**Instructions for the task**:
Print all of the data below exactly as it appears, leaving out every image.
Data provided: Begin
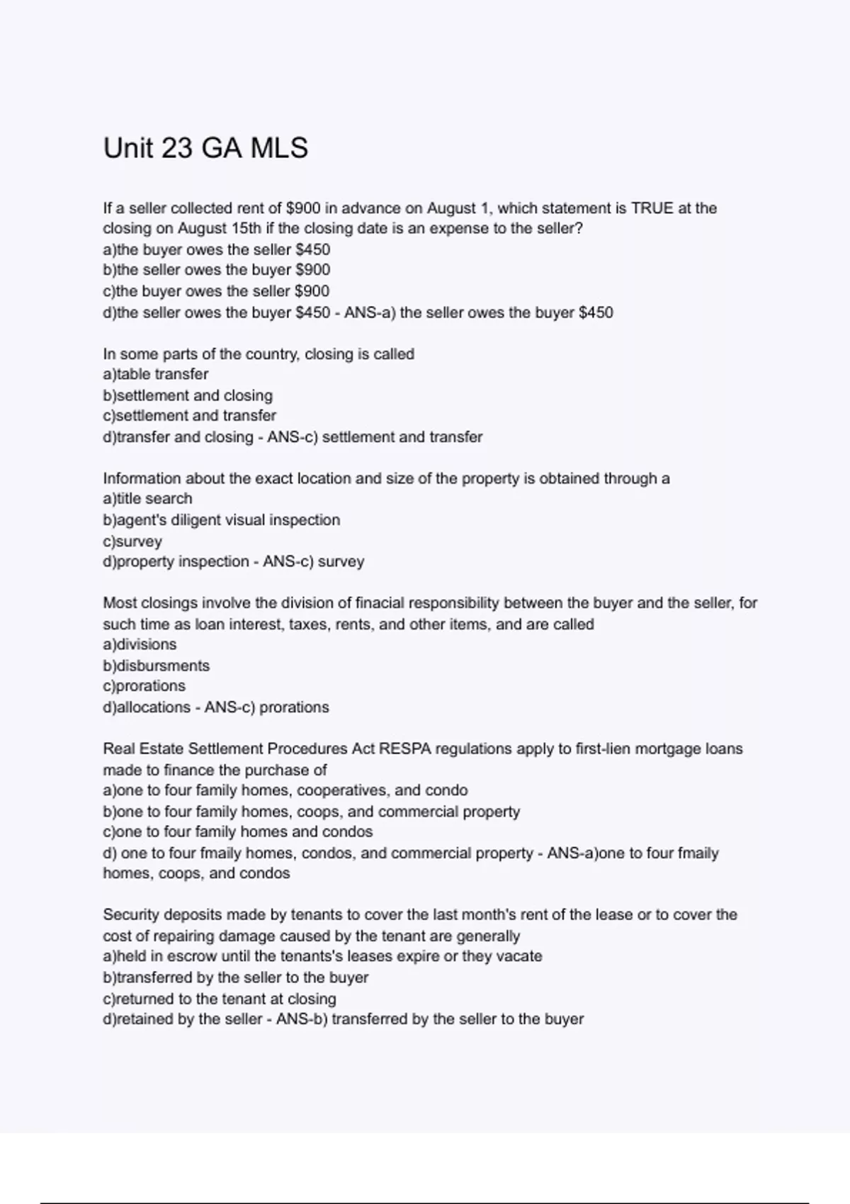 Unit 23 GA MLS. Questions and correct answers | already graded a+ | verified answers
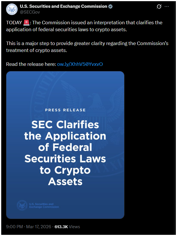 Az SEC egy friss értelmező közleményben részletesen kifejtette, hogyan tekint a különböző digitális eszközökre a jövőben.
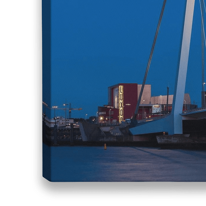 De Rotterdam van rem Koolhaas in het blauwe uurtje net na zonsondergang met de erasmusbrug op de voorgrond.
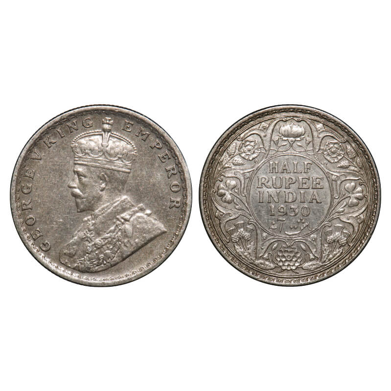 George V, Silver, Half Rupee, 1930, Calcutta Mint, No dot. F. Prid 332. GK 1072. Extremely Fine+. Scarce.
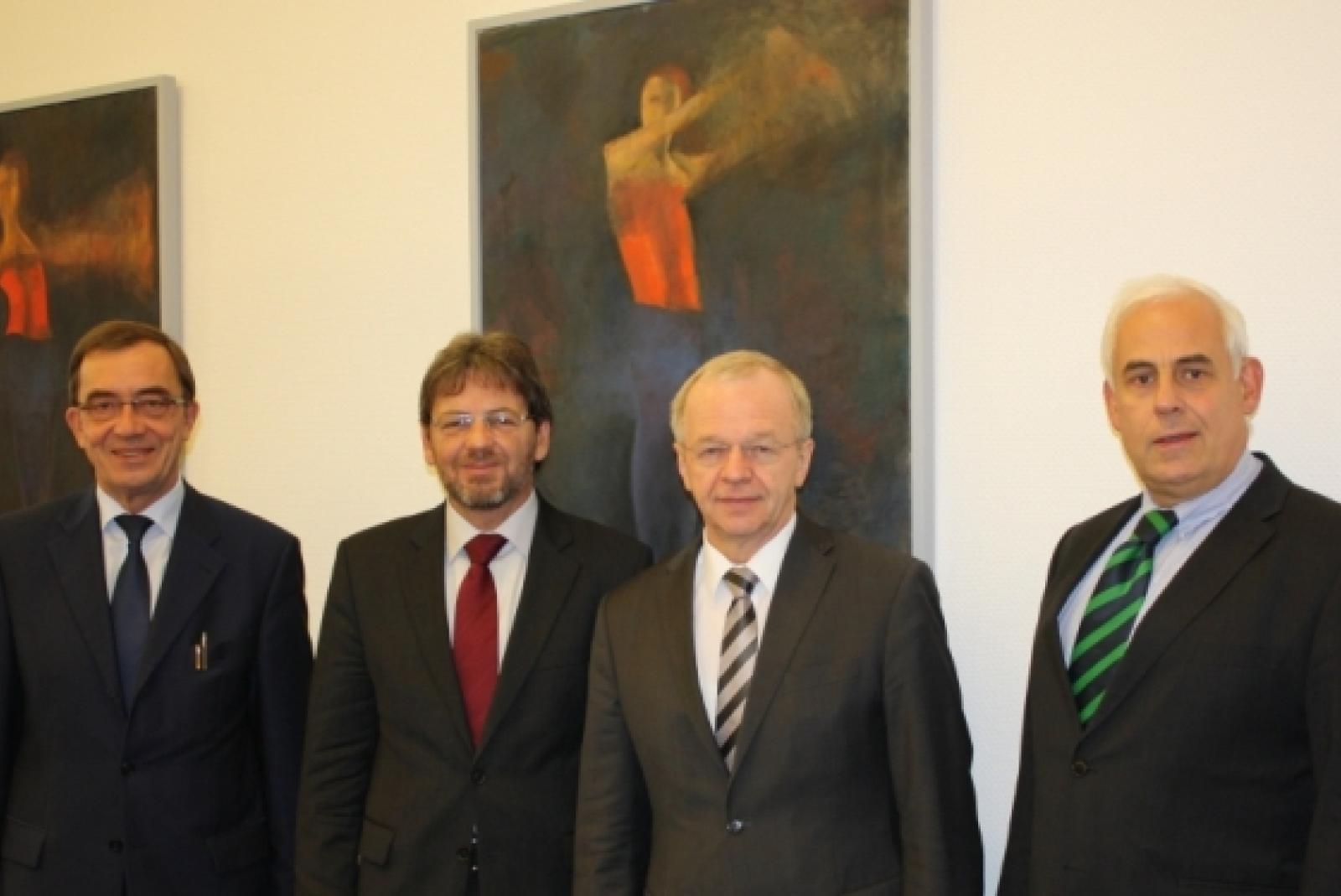 Der SPD-Bundestagsabgeordnete Markus Paschke (2. von links) diskutierte bei seinem Antrittsbesuch im Kreishaus in Leer mit Landrat Bernhard Bramlage (2. von rechts), dem Ersten Kreisrat Rüdiger Reske (links) und Wirtschaftsförderer Harald Krebs (rechts). © Foto: privat
Data provided: End
**Result of the exercise**:
 Unit 23 GA MLS. Questions and correct answers | already graded a+ | verified answers
 Az SEC egy friss értelmező közleményben részletesen kifejtette, hogyan tekint a különböző digitális eszközökre a jövőben.
 De Rotterdam van rem Koolhaas in het blauwe uurtje net na zonsondergang met de erasmusbrug op de voorgrond.
 George V, Silver, Half Rupee, 1930, Calcutta Mint, No dot. F. Prid 332. GK 1072. Extremely Fine+. Scarce.
 Der SPD-Bundestagsabgeordnete Markus Paschke (2. von links) diskutierte bei seinem Antrittsbesuch im Kreishaus in Leer mit Landrat Bernhard Bramlage (2. von rechts), dem Ersten Kreisrat Rüdiger Reske (links) und Wirtschaftsförderer Harald Krebs (rechts). © Foto: privat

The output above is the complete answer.